[Dataset items]
- - - -

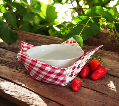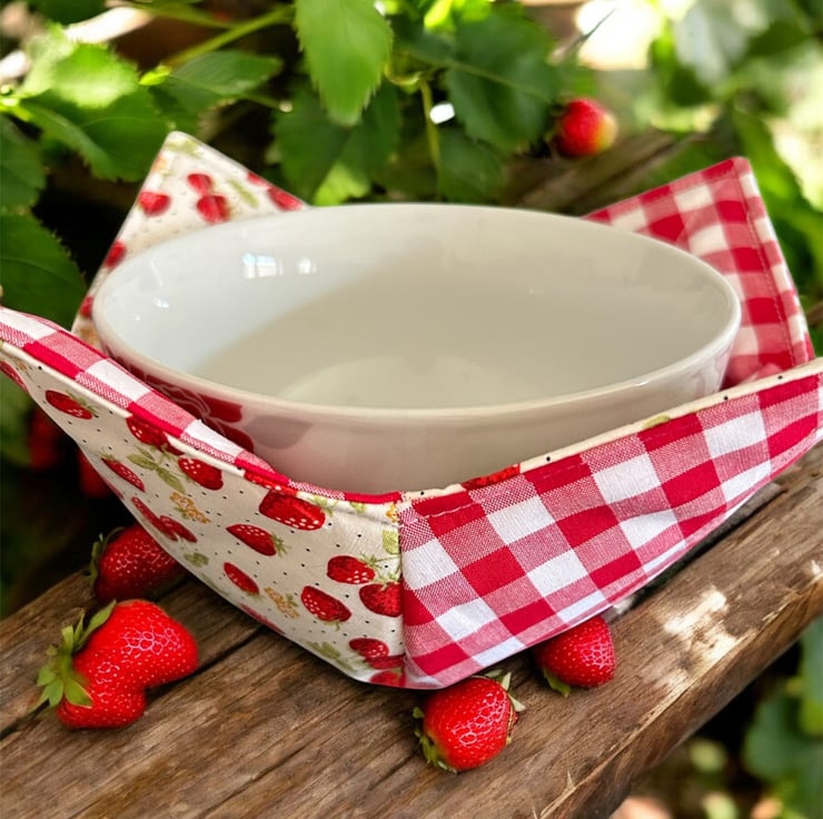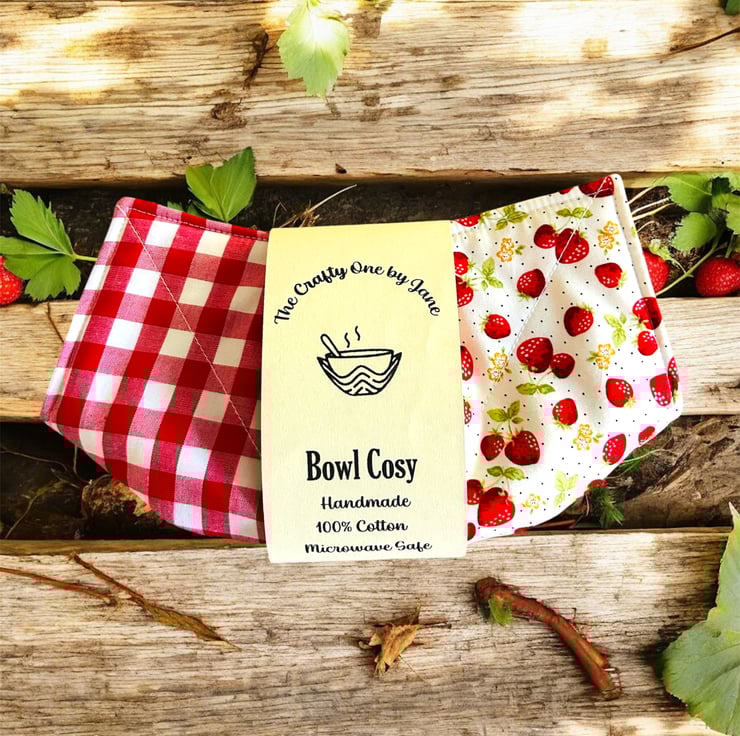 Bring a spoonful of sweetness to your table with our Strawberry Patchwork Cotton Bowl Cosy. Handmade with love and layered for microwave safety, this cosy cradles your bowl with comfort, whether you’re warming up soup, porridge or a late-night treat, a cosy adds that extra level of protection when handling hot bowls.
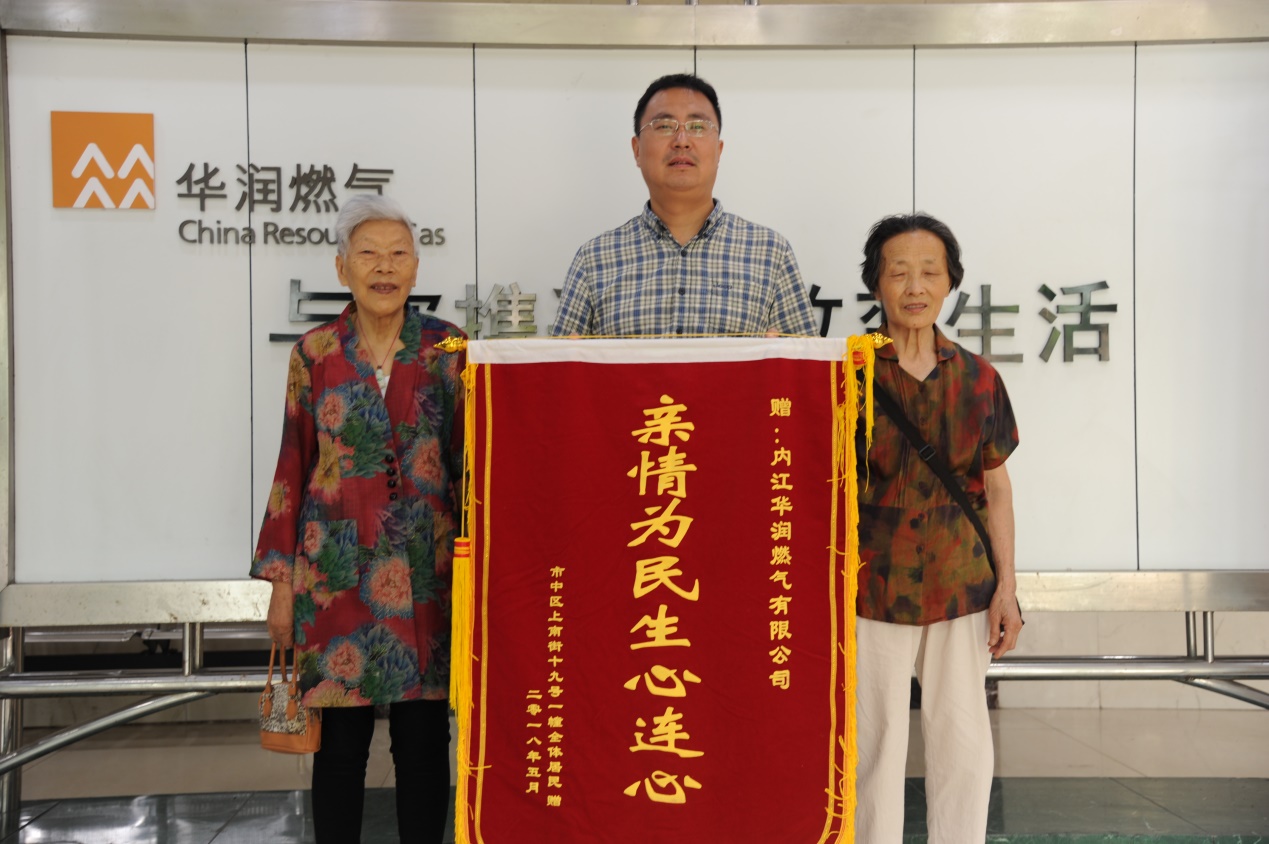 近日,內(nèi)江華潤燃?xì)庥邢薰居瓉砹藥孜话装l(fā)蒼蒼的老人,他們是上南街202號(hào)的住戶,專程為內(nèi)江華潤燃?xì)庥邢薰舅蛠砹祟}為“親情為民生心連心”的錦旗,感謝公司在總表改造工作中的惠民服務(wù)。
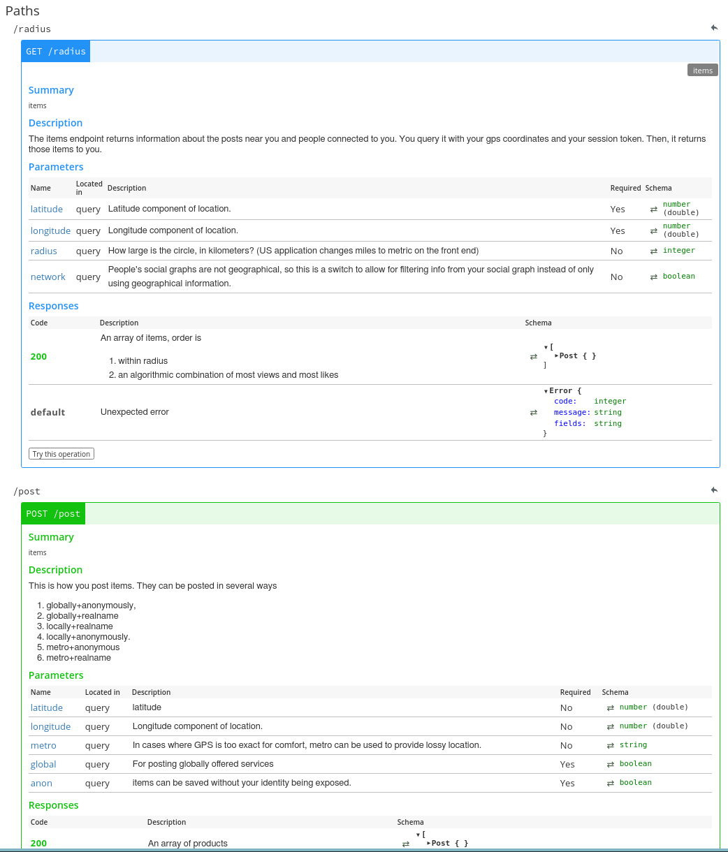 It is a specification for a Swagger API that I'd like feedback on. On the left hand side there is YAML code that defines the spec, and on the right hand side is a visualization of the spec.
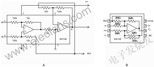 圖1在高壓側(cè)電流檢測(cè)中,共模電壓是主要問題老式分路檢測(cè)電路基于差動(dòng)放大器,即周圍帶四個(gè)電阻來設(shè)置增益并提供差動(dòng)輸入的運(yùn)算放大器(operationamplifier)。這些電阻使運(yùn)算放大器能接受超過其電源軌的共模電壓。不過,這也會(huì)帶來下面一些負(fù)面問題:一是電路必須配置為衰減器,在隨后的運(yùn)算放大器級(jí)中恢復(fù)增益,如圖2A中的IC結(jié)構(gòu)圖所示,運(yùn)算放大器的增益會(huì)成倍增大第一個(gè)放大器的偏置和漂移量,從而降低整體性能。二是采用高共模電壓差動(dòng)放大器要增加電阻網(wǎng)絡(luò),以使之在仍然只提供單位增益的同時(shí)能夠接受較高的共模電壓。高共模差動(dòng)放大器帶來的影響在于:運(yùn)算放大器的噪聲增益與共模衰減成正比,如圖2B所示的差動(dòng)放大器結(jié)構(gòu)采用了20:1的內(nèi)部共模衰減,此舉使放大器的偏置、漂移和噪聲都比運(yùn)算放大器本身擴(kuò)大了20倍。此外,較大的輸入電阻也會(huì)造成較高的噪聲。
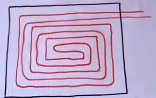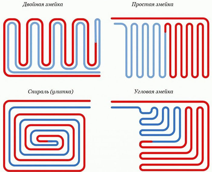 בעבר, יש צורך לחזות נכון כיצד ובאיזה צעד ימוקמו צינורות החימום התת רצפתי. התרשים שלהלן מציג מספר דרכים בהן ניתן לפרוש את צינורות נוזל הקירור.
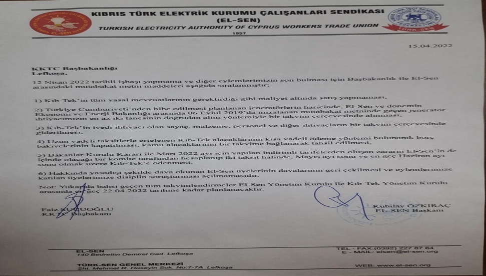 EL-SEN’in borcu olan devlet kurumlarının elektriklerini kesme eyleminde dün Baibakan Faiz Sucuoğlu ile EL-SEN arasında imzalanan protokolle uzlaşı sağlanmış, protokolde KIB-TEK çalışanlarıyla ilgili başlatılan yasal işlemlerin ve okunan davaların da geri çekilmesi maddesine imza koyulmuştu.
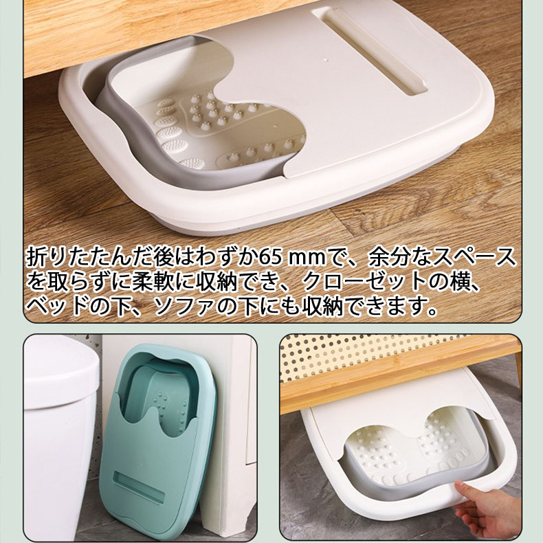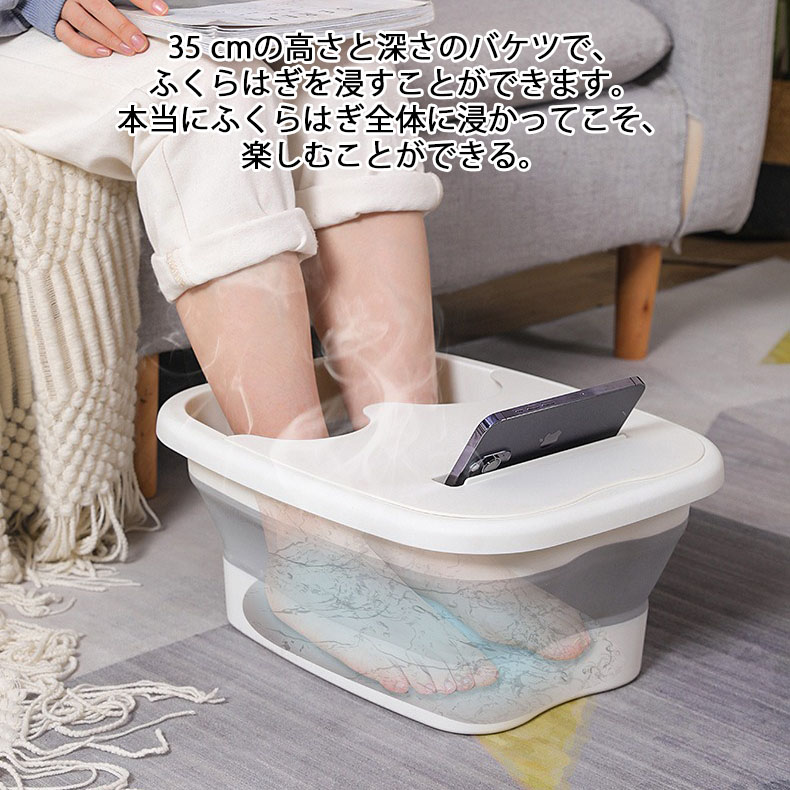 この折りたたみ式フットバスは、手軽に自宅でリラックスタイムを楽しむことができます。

- - - -

**Work instruction:** Omit every picture, and please return the entries exactly from the first line through the line with "It is a specification", both included.

**Answer to this exercise:**
 Bring a spoonful of sweetness to your table with our Strawberry Patchwork Cotton Bowl Cosy. Handmade with love and layered for microwave safety, this cosy cradles your bowl with comfort, whether you’re warming up soup, porridge or a late-night treat, a cosy adds that extra level of protection when handling hot bowls.
 近日,內(nèi)江華潤燃?xì)庥邢薰居瓉砹藥孜话装l(fā)蒼蒼的老人,他們是上南街202號(hào)的住戶,專程為內(nèi)江華潤燃?xì)庥邢薰舅蛠砹祟}為“親情為民生心連心”的錦旗,感謝公司在總表改造工作中的惠民服務(wù)。
 It is a specification for a Swagger API that I'd like feedback on. On the left hand side there is YAML code that defines the spec, and on the right hand side is a visualization of the spec.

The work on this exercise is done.